Era uma tarde que escorria lenta no horizonte e o sol jorrava seus últimos raios do dia que findava. Resolvi pegar o carro e dar uma volta, assistir talvez com sorte um belo pôr de sol no horizonte rubro que fechava as cortinas do dia. Espetáculo esse, somente alcançado nas partes mais altas da cidade, em mirantes conhecidos popularmente como “Morro da Cocada”, “Paraíso” e redondezas. Entrei no carro, liguei meu som e fechei o vidro, para ouvir com mais nitidez e brilho o cd que continha no interior do aparelho.

No “menu” da ocasião, a Grande Missa em Dó Menor K 427, do genial Wolfgang Amadeus Mozart (1756-1791). Iniciei meu trajeto com a majestosa introdução de coral e orquestra, com seus jorros milagrosos de pura transmutação sonora.  Saí do asfalto e tomei o pequeno trecho de terra, uma subida que me levaria até os pontos de melhor visibilidade, com aquele céu já iniciando seu espetáculo diário de cores, tons e nuances de deslumbramento.

A certa altura a bexiga apertou e tive que parar o carro na beira da estrada, pra dar aquela aliviada. Ao sair com o som ligado, abri a porta e deixei a música rolando e aproveitei para mirar o pasto verde que se estendia como tapete, com cercas de arame farpado logo à frente. Pastando por ali um monte de vacas, não sei bem o tipo de raça, notei os tons de cinza claro da pelagem. Algumas deitadas adquiriam aspecto de pedras espalhadas pelo campo. Outras por ali pastando e ruminando   seu cotidiano bovino.

Quase que imediatamente, percebi que algumas se aproximavam da cerca, próximas ao carro, com certa “curiosidade” ou diria até certo “interesse”. Pensei, “por mim é que não deve ser”. Lembrei-me de um vídeo do Youtube em que um grupo de músicos toca jazz tradicional para um bando de vacas curiosas.

Então resolvi fazer uma pequena experiência de momento.
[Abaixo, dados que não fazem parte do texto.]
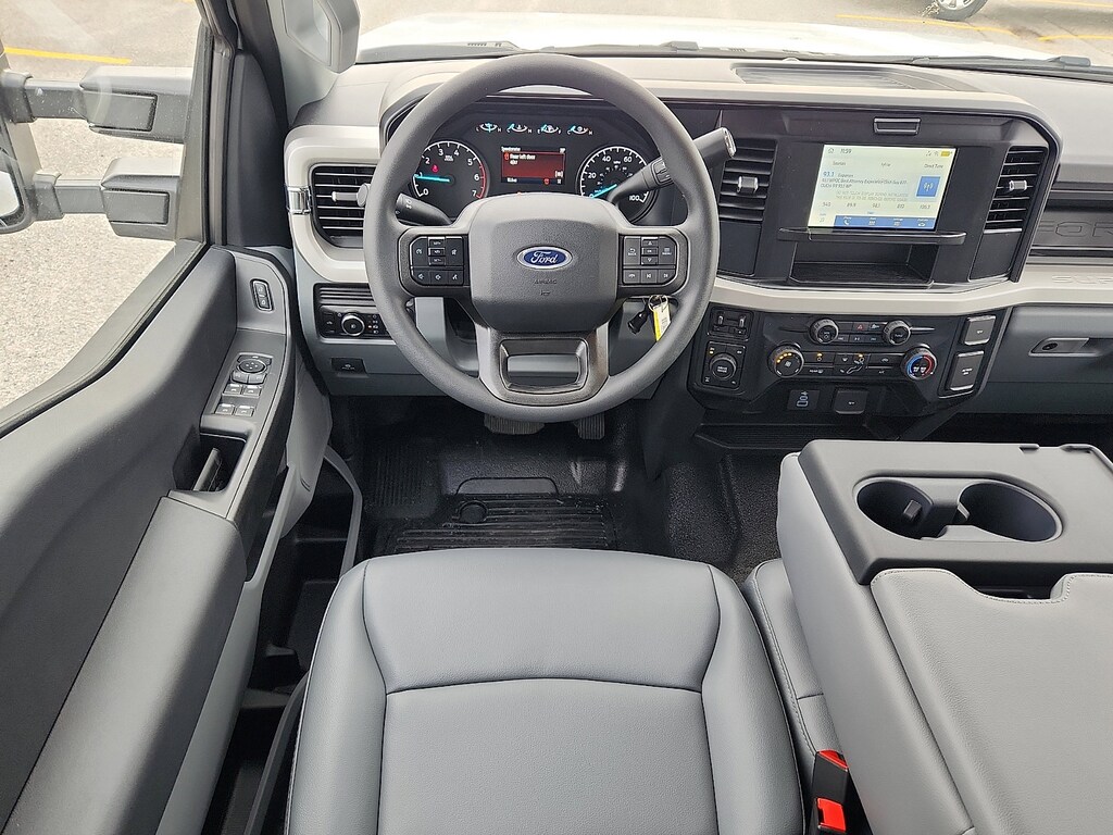 Check out all these great options on this vehicle: Ford Connectivity Package (1-Year Included), Internet access capable: 5G Modem - Ford Connectivity Package, Order Code 610A, Snow Plow Prep Package, XL Chrome Package (Bright Chrome Hub Covers & Center Ornaments, Chrome Front Bumper, Chrome Rear Step Bumper, and Halogen Fog Lamps), 17" Argent Painted Steel Wheels, 18" Argent Painted Steel Wheels, 4-Wheel Disc Brakes, 6 Speakers, ABS brakes, Air Conditioning, AM/FM radio, AM/FM Stereo w/MP3 Player, Brake assist, Compass, Delay-off headlights, Dual AGM 68 AH Battery, Dual front impact airbags, Dual front side impact airbags, Electronic Stability Control, Emergency communication system: SYNC 4 911 Assist, Exterior Parking Camera Rear, Front anti-roll bar, Front Center Armrest w/Storage, Front License Plate Bracket, Front reading lights, Fully automatic headlights, HD Vinyl 40/20/40 Split Bench Seat, Heated door mirrors, Illuminated entry, LED Roof Clearance Lights, Low tire pressure warning, Outside temperature display, Overhead airbag, Overhead console, Panic alarm, Passenger vanity mirror, Platform Running Boards, Power door mirrors, Power steering, Power windows, Power-Sliding Rear-Window w/Defrost, Privacy Glass, Pro Power Onboard - 2kW, Rear reading lights, Rear step bumper, Remote keyless entry, Security system, Speed control, Split folding rear seat, Steering wheel mounted audio controls, SYNC 4, Tachometer, Telescoping steering wheel, Tilt steering wheel, Tough Bed Spray-In Bedliner, Traction control, Trailer Brake Controller, Trip computer, Turn signal indicator mirrors, Upfitter Switches (6), and Variably intermittent wipers.

Aumentei o volume do som, abri a outra porta e deixei a missa eclodir sua doce e penetrante área de soprano sobre um tapete sereno e terno das cordas.

O som foi tomando e “tornando” de maneira quase imperceptível toda aquela extensão de verde, e das árvores mais adiante, e das montanhas com seus contornos azuis se estendendo pelo “mar” sem fim, e do céu com seus mistérios profundos, e do meu ser, e das vacas e de tudo. E de repente tudo aquilo, era uma coisa só. Unidos e transmutados pela magia da música e daquele momento, em algo que não se explica, não se defini, não se entende, só se sente.
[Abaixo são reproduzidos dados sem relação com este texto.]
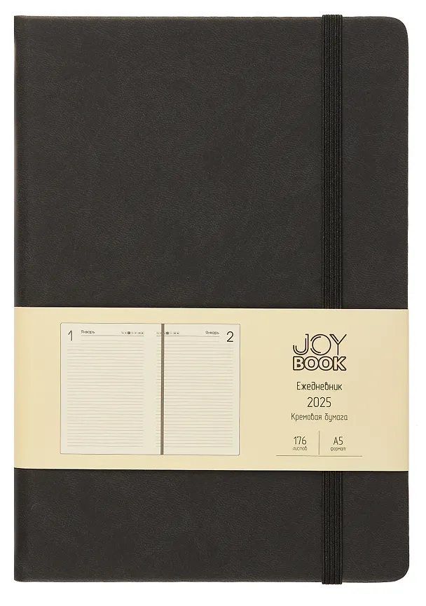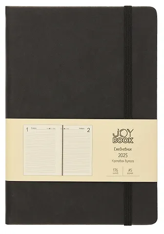 Ежедневник дат. 2025г. А5 176л "Joy Book" черный агат, 7Б, тв.переплет, иск.кожа, резинка, карман, скругл.углы, тонир.блок, ляссе, инд.уп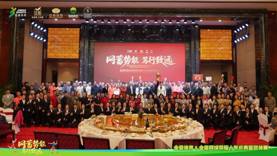 回溯金徽体育十年征程,杜楠主席始终以“赛场” 为起点,用热爱编织体育生态的经纬。十周年庆典期间,她频繁驻足赛场 —— 见证郑州队绝境逆转时的呐喊,感受女子队寒夜搏杀的坚韧,目光里满是对竞技活力的珍视;她也深入会长座谈会、巅峰论坛,直言:“体育生态不是孤立的赛场,而是让每个热爱网球的人都有归属。未来 3~5 年我们必定要破局创新,预知未来,链接世界。”晚宴灯光亮起时,杜楠拿起话筒,真情流露:“你来了,我来了,我们来了 —— 对十年的感悟,满是感激与感恩,也被大家的热情深深鼓舞。” 作为金徽体育的领航者,她的话语让每一位 “金徽人” 都感受到了归属感与使命感。最终,“网蓄势能,笃行致远,预知未来,链接世界” 的口号响彻全场,为这场十周年庆典画上了圆满的句号,也为金徽体育的下一个征程吹响了出发的号角!

 Quando num lampejo me veio de volta razão, espantei-me com a quantidade de vacas que se acumularam ali bem perto. E o mais incrível de tudo, elas pareciam formar em suas posições uma organizada e educada platéia de ouvintes, em formação cônica, com aqueles orelhões empinados e atentos, sedentos pelo som, que continuava agora com o retorno do coral, ecoando-se majestosamente pela paisagem.

Senti uma inveja de Mozart, e queria naquele momento um piano, um palco e um microfone onde pudesse cantar e me “expressar” para aquela curiosa e atenta “platéia” de ruminantes. Elas ouviam com especial atenção e interesse, e correspondiam em tudo o que sempre imaginei e sonhei, como uma platéia perfeita, educada e culta.
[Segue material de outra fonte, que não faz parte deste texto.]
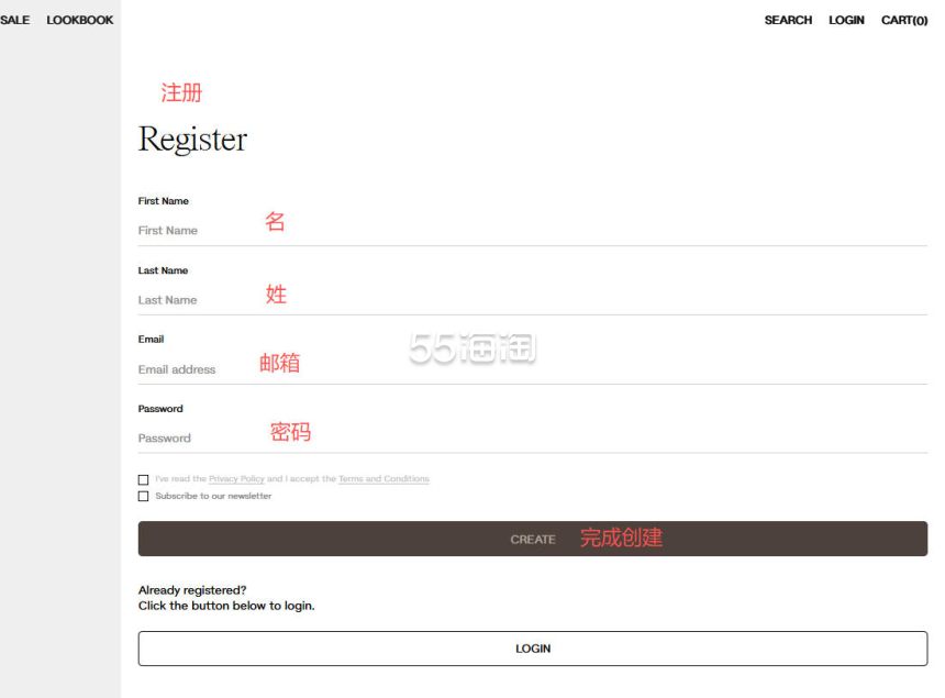 3. 现在来到创建账户的页面,根据提示填写账号信息,填写好之后点击“CREATE”完成账号创建。

Em determinado momento, como de volta de um sonho, a música terminou e elas foram aos poucos retornando a sua mansa rotina de pastagem. E olha que estou falando de um estilo musical mais extenso, de no mínimo uns 5 minutos cada trecho! Já vi pessoas “cultas” se dispersarem da música com 2 minutos de audição desatenta.

Então o sol se escondeu por detrás das montanhas e com ele, aquele espetáculo curioso e nunca imaginado por mim. Muitas vezes toquei e me expressei para platéias humanas e bem menos interessantes.

Fica a curiosidade que teima em nos alfinetar:

Serão então verdades todas aquelas matérias sobre o poder que a música exerce não só em pessoas, mas também tomates, produção de leite, no tratamento de doenças e até na cura de algumas? Serão os animais, de alguma forma, ou meio, sensíveis (ou mais sensíveis até que nós) à arte humana da combinação e produção dos sons da natureza?

Naquela tarde tive a clara confirmação disso e a moral da história? Penso seriamente em parar de comer bife.